Las cenizas esparcidas por el callejón me quemaban las mejillas y manos, sentía cómo el dolor se adueñaba de mí al despojarme de los camaradas que permanecieron a mi lado durante esa época que solía acallar con el trabajo y las acciones ordinarias del día a día. El sentimiento de no pertenencia tan común en los adolescentes, seguía latente aun cuando los libros que había comprado desde los 16, se hallaban dispersos en la calle, cumpliendo un ideal de movimiento del cual carecía. Llegada la madrugada, me puse en pie y lloré al ver las portadas resquebradas como vidrios recién caídos. No creí que dolería tanto.
Mayor valor material y simbólico tenían los libros que me acompañaron en la travesía de días complejos, antes que la presencia de una persona cuya manifestación fenomenológica más genuina, me generaba incomodidad, por eso cualquier intento de justificar lo que hice era tan ridículo como encontrarle un sentido a esta porción de vida legitimada vulgarmente como un derecho.
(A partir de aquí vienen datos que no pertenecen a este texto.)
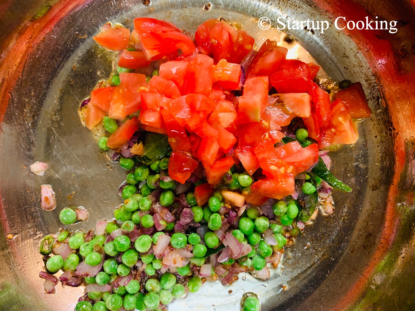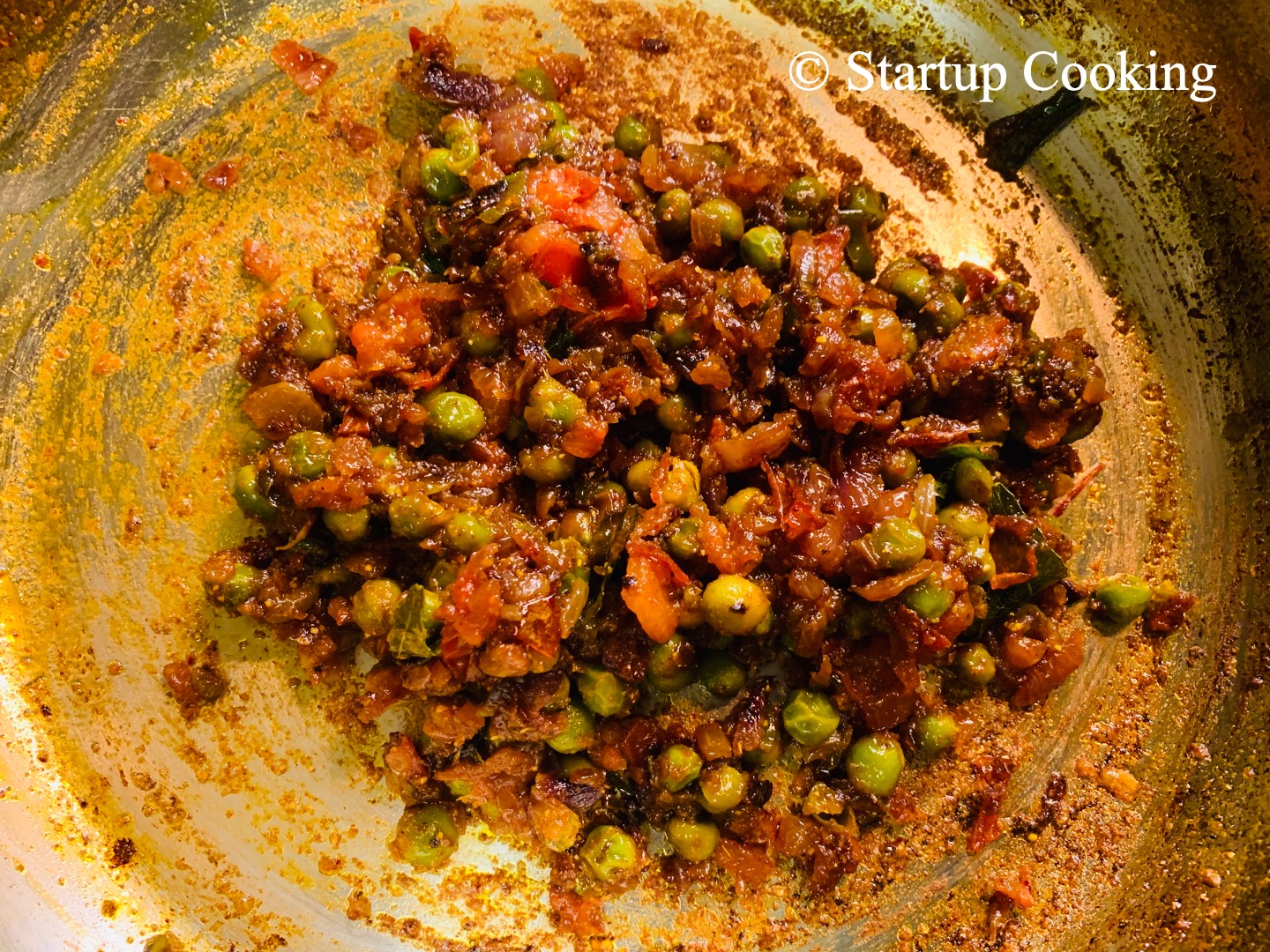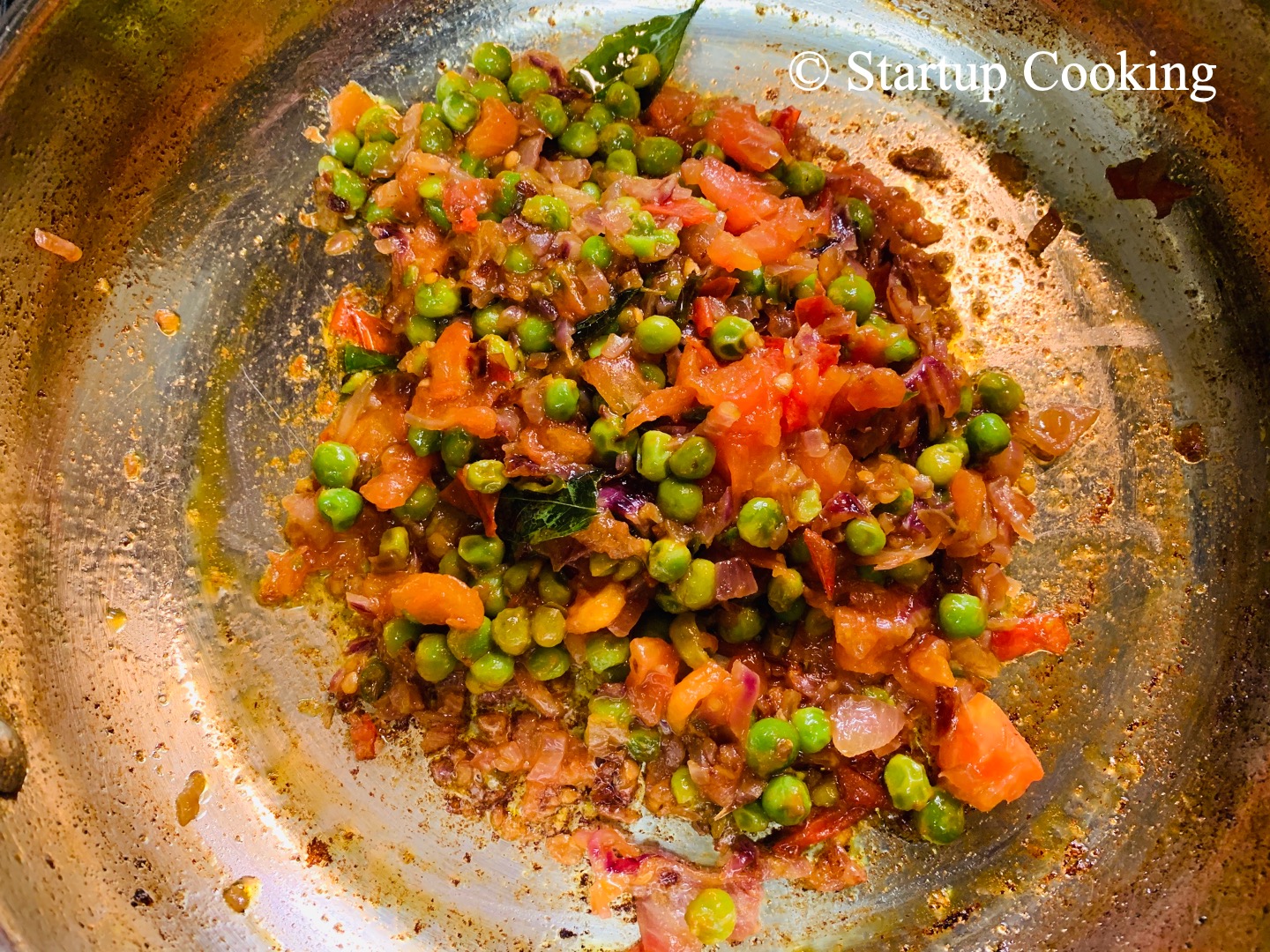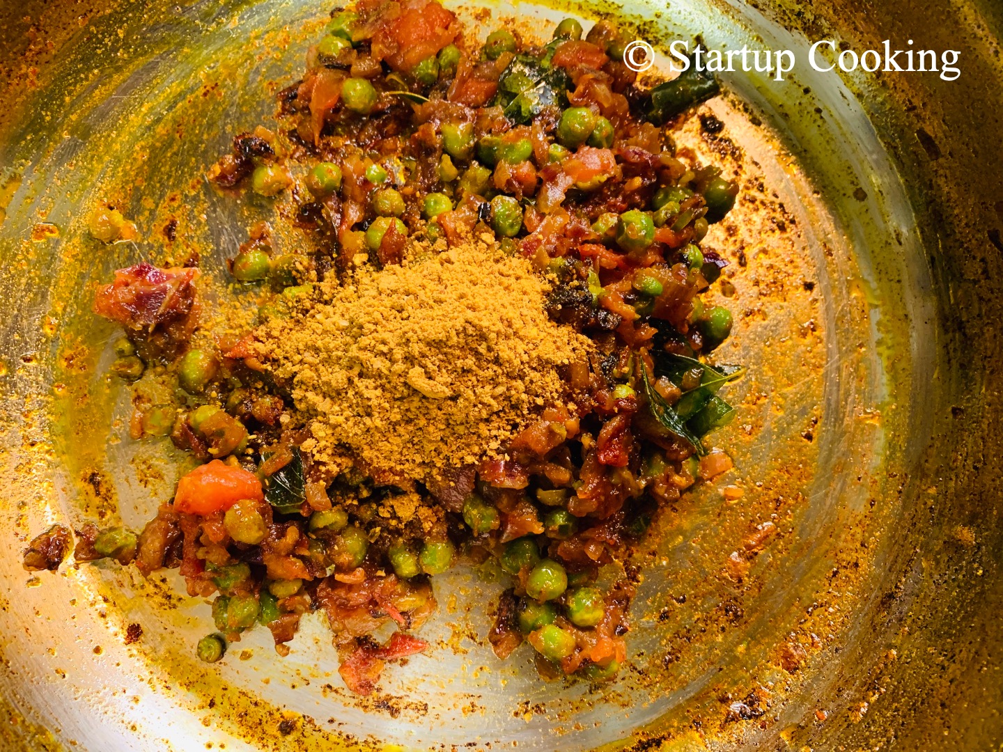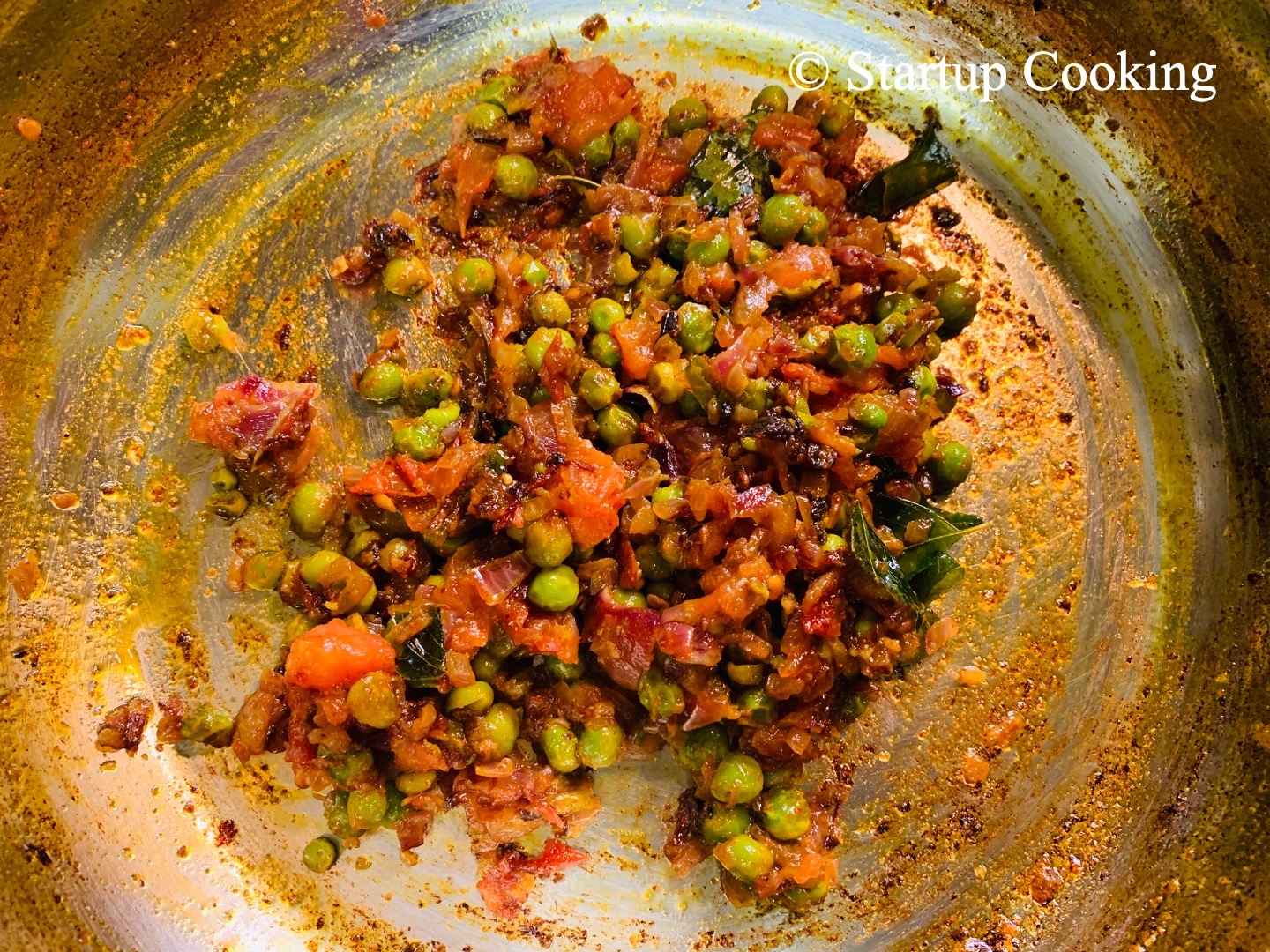 - heat oil in a pan, add chopped onion, green chilli and curry leaves
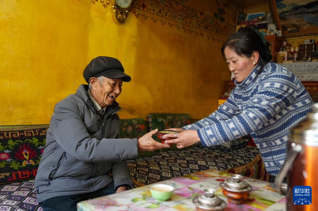 大兒媳央金給洛桑貢布(左)敬茶(3月27日攝)。

Cuando sus existencias se reduzcan a polvo, repetía en un acto de gallardía, me liberaré del sentimiento que perfora mi senectud, los años parecían vigías que fisgaban en mis adentros y cada mañana como la anterior, me dirigía al espejo y observaba el reflejo, asqueado, volvía la mirada al piso y salía del baño.
Intentaba mitigar el ardor, pero decidí tolerarlo para estar en igualdad de condiciones, si ellos se inflamaron extinguiéndose en silencio ¿por qué no podría hacerlo yo? Me senté en una cafetería y le permití al frío que me arropara con su vesania, con los impulsos mecánicos que salían de mi cuerpo, a raíz de la falta de cobertura, me di cuenta que las quemaduras estaban hinchadas y comenzaban a sangrar. Bebí un café e ignoré el dolor.
Al día siguiente, me reincorporé a la rutina y la dueña del asentamiento, donde pasaba las noches cuando tenía dinero, me regaló un hospedaje, sin embargo, decliné a su ofrecimiento y me dirigí al trabajo. Entré, pedí disculpas por la intromisión, renuncié y volví al callejón donde había pasado la noche. Las hojas que se habían salvado tenían voz propia y un encanto que me llamaba a leerlas, quería hacerlo, pero al tomar un papel semiquemado, reconocí mi ceguera y sin poder reaccionar, me entregué al paroxismo.